A Consumer by any other Name is still a Consumer

I recently watched the first part of the Century of the Self. RW libertarians seem to be victims of decades of brainwashing by commercial advertising, which has its roots in Freudian psychology, Edward Bernays, et al. What is funny is pushing these ideas of “Rational Self-interest” and hyper-individualism as some bizarre state of nature and by extension capitalist. But they use appeals to emotion and fear tactics to persuade people. Some of them openly disdain democracy itself as a form of collectivism. They recognize that people often organize and act in groups for social change rather than pursue their own “rational self-interest.” They have to devise ways of forcing people to become selfish and prevent collectivization of any kind. Their luminaries Friedman and Hayek recognized as much and found the authoritarian governments under Pinochet and Thatcher as instructive for “freeing markets” and preventing people from organizing and collectivizing. Yet when people do practice their own “rational self-interest” in denying RW libertarianism as a fantasy and right-wing libertarians as naive and delusional to a fault, they blame their skeptics for being duped into the “liberal conspiracy” and call them irrational and illogical, even though they just said that human beings by their very nature form markets because of “rational self-interest.” They have no idea that the only thing they truly stand for is more rampant consumerism and less direct action. In other words, they support more of the status quo, not some fantastical revolution. It was the same with Ayn Rand, another luminary. When justifying her reasoning for smoking, she nearly quoted verbatim the tobacco industry’s ads towards women and men. “Independent, free-thinking women always smoke Lucky Strikes!”
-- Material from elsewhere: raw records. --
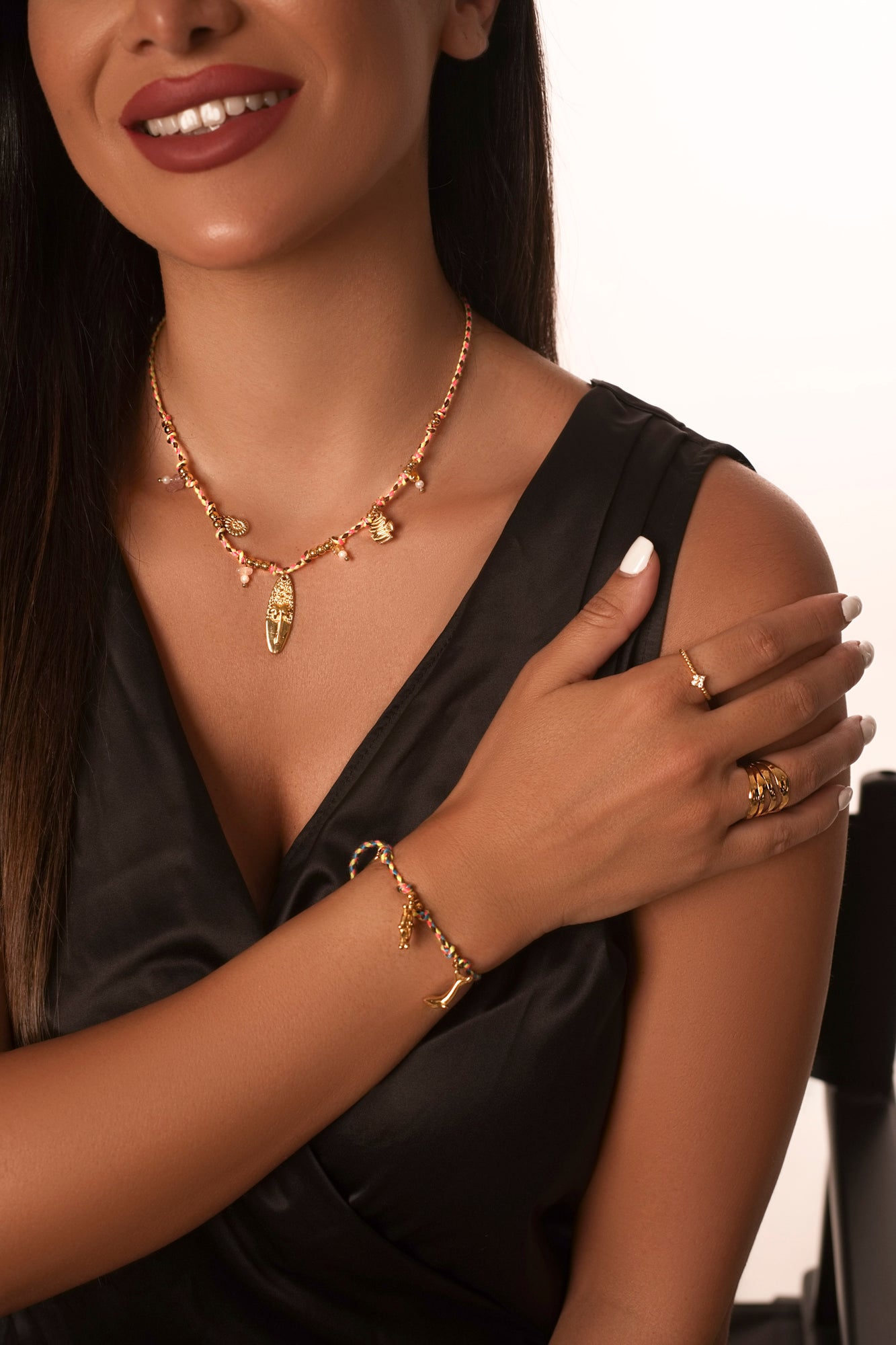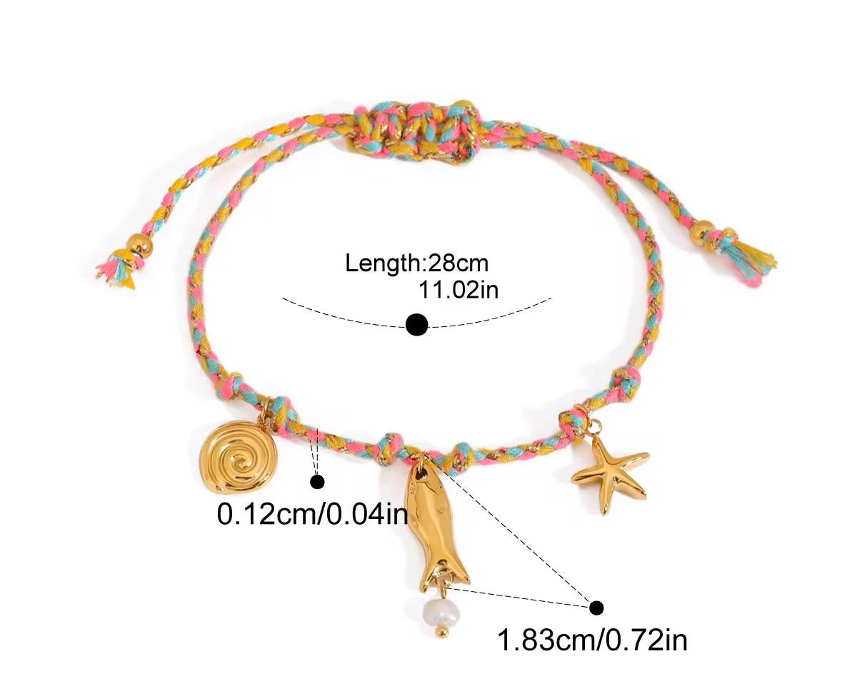 Embrace the essence of summer with the Golden Tide Bracelet—a vibrant fusion of colorful beads and ocean-inspired charms. Designed for beach lovers and adventure seekers, this handcrafted piece features hypoallergenic, water-friendly 18kt gold-plated charms, ensuring a tarnish-free shine wherever the waves take you. Whether you're strolling the shore or soaking up the sun, this lightweight and stylish bracelet is the perfect accessory to elevate your summer look.
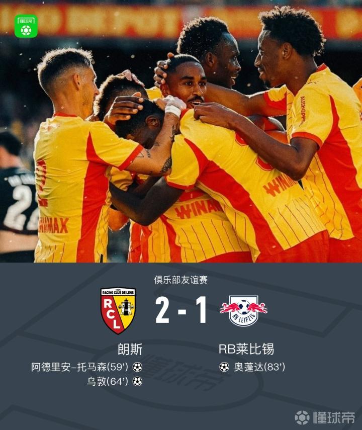 北京时间8月10日,一场俱乐部友谊赛在朗斯与RB莱比锡之间展开。比赛中,朗斯球员阿德里安-托马森与乌敦分别取得进球,RB莱比锡方面则由奥蓬达扳回一城。最终,朗斯以2比1战胜对手。
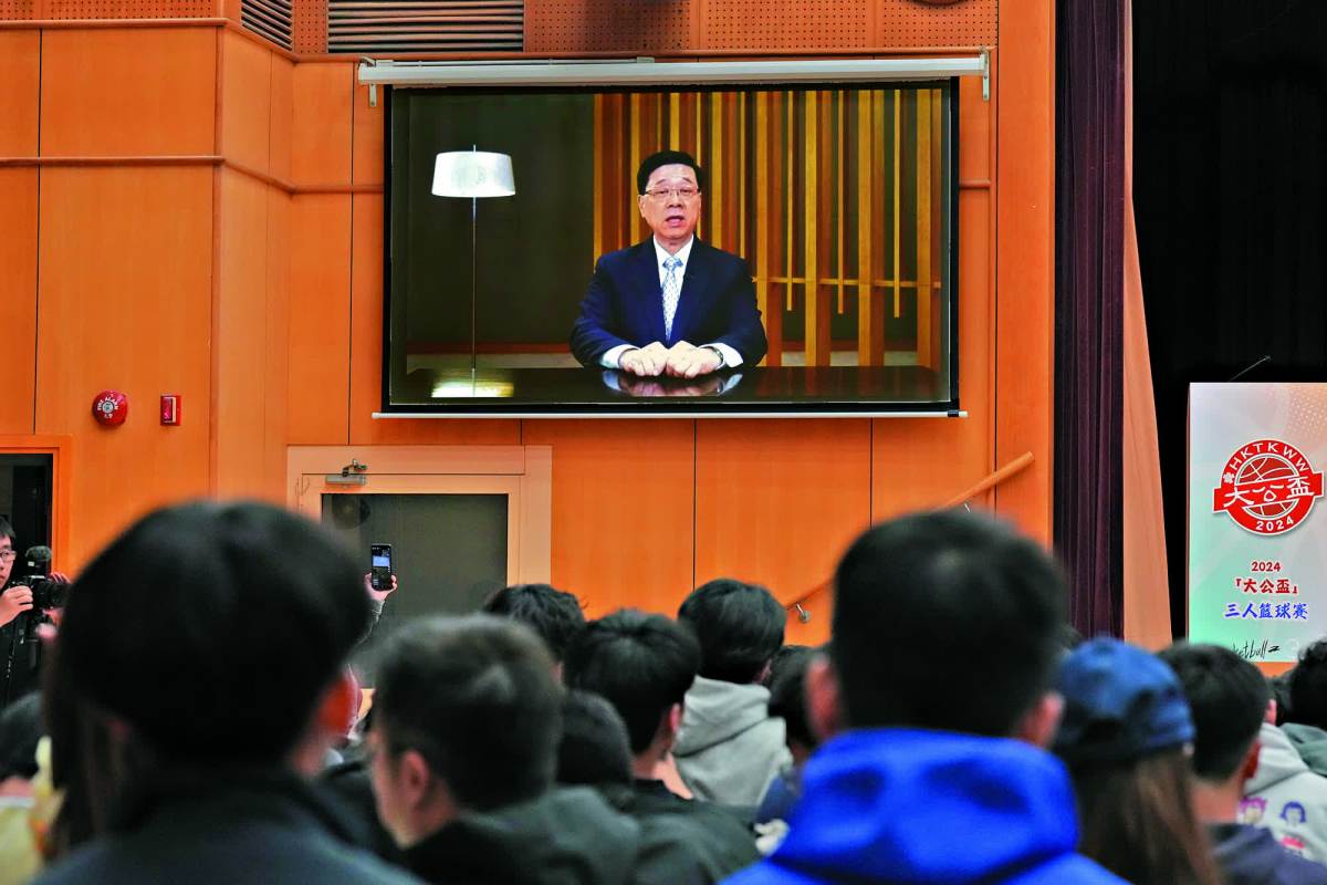 頒獎禮上,行政長官李家超透過視像致辭。李家超在視頻中祝賀本屆「大公盃」賽事圓滿舉行。李家超表示,今年的「大公盃」,不但鼓勵香港學生透過體育競技強身健體,更鞏固大灣區內地城市與香港的青年交流,非常有意義。李家超指出,體育賽事不僅能夠鍛煉身體,還可以培養運動員的意志力、協作能力及應對挑戰的能力,他並期望每一位香港青年都能夠發憤圖強、志存高遠,以拚搏奮鬥的體育精神推動本港發展。
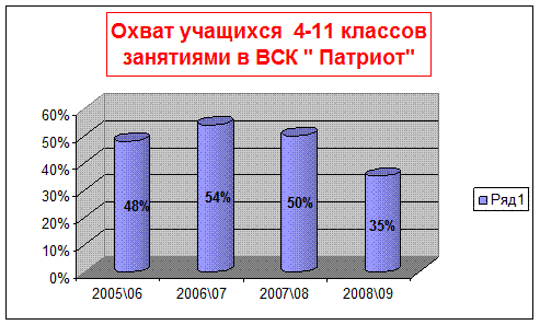 В рамках реализации программы «Отечество» работает организованный мною военно-спортивный клуб «Патриот» , (далее ВСК) (Приложение 2), в котором занимаются в 2007 году уже 54% учащихся 4-11 классов школы. ( рис.2)
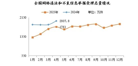 2024年4月全国受理网络违法和不良信息举报2007.8万件 2024-05-31 15:36
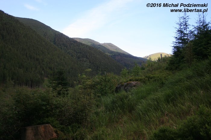 Dolina Wąska jest to wspólny spacerowy odcinek Doliny Jamnickiej i Doliny Raczkowej o długości dwóch kilometrów, który – idąc za niebieskimi oznaczeniami – powinniśmy pokonać w pół godziny. Po tym czasie dotrzemy na Niżną Łąkę, gdzie znajduje się rozstaje szlaków – nas teraz interesować będzie zielony. I tak rozpoczynamy powolne podejście, które stopniowo będzie nas wyprowadzać w coraz wyższe partie lasu.
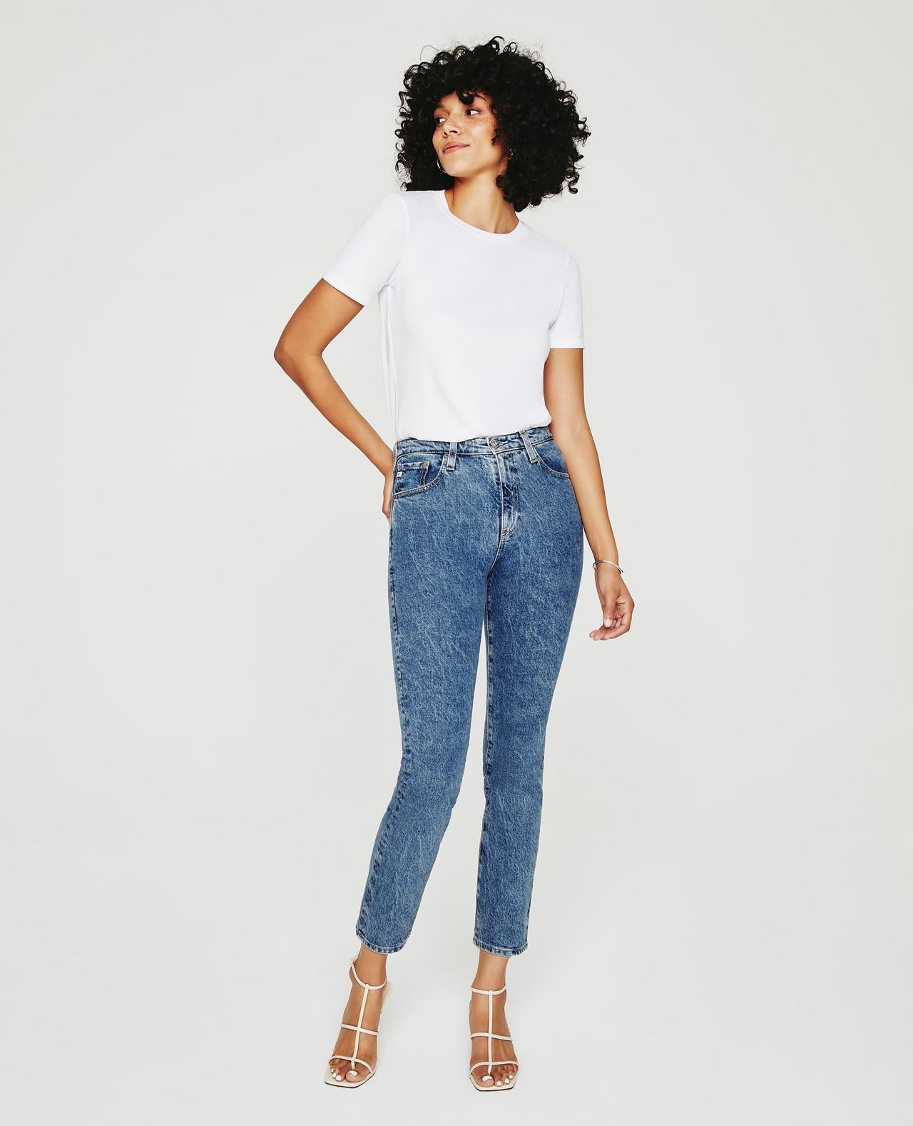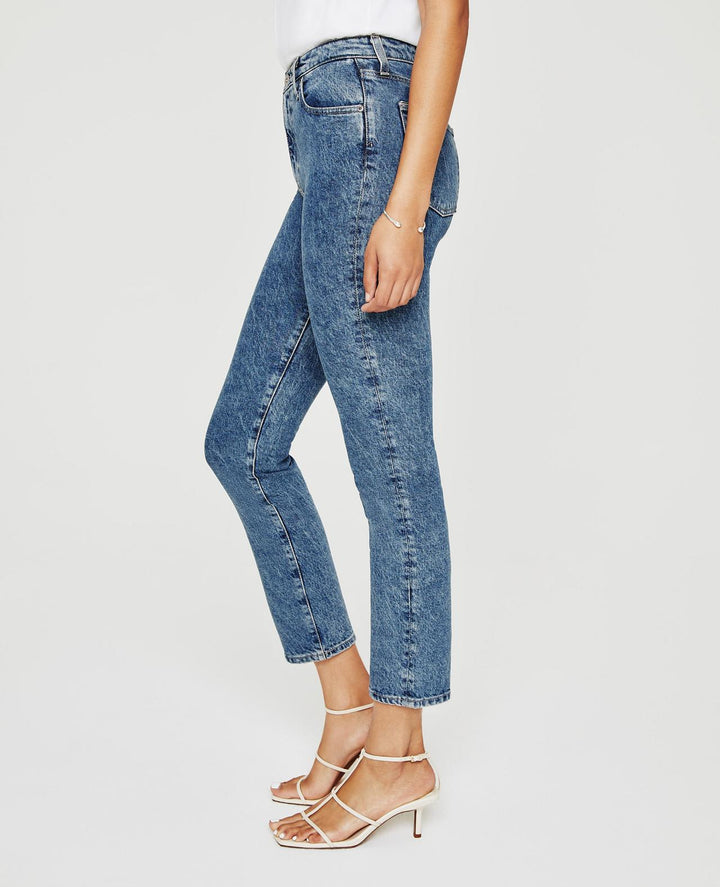 Isabelle is a high-rise straight crop designed in 11.5 oz. 360° Denim for full range of motion from day to night. Isabelle features a medium-light wash with sulfur undertones for lived-in appeal, accentuating the broken-in look of the faded indigo wash.

“ I like to think of fire held in a man’s hand. Fire, a dangerous force, tamed at his fingertips. I often wonder about the hours when a man sits alone, watching the smoke of a cigarette, thinking. I wonder what great things have come from such hours. When a man thinks, there is a spot of fire alive in his mind–and it is proper that he should have the burning point of a cigarette as his one expression.” — Ayn Rand/Alissa Rosenbaum

Her books were basically a culmination of highly concentrated industry propaganda tying democracy, passive consumerism, unfettered industrialism and capitalism as natural, desirable, and inevitable in a “rational,” free society. This is what RW libertarians base their philosophy on industrial propaganda, consumerism, and commercials. Those are some of the reasons why they are so loopy and fail at organizing. It is reason enough to never take them seriously. For all their talk of individualism and “rational self-interest,” they have all the hallmarks collectively of an irrational cult obsessed with creating a mediocre world forever safe for buying and selling things in.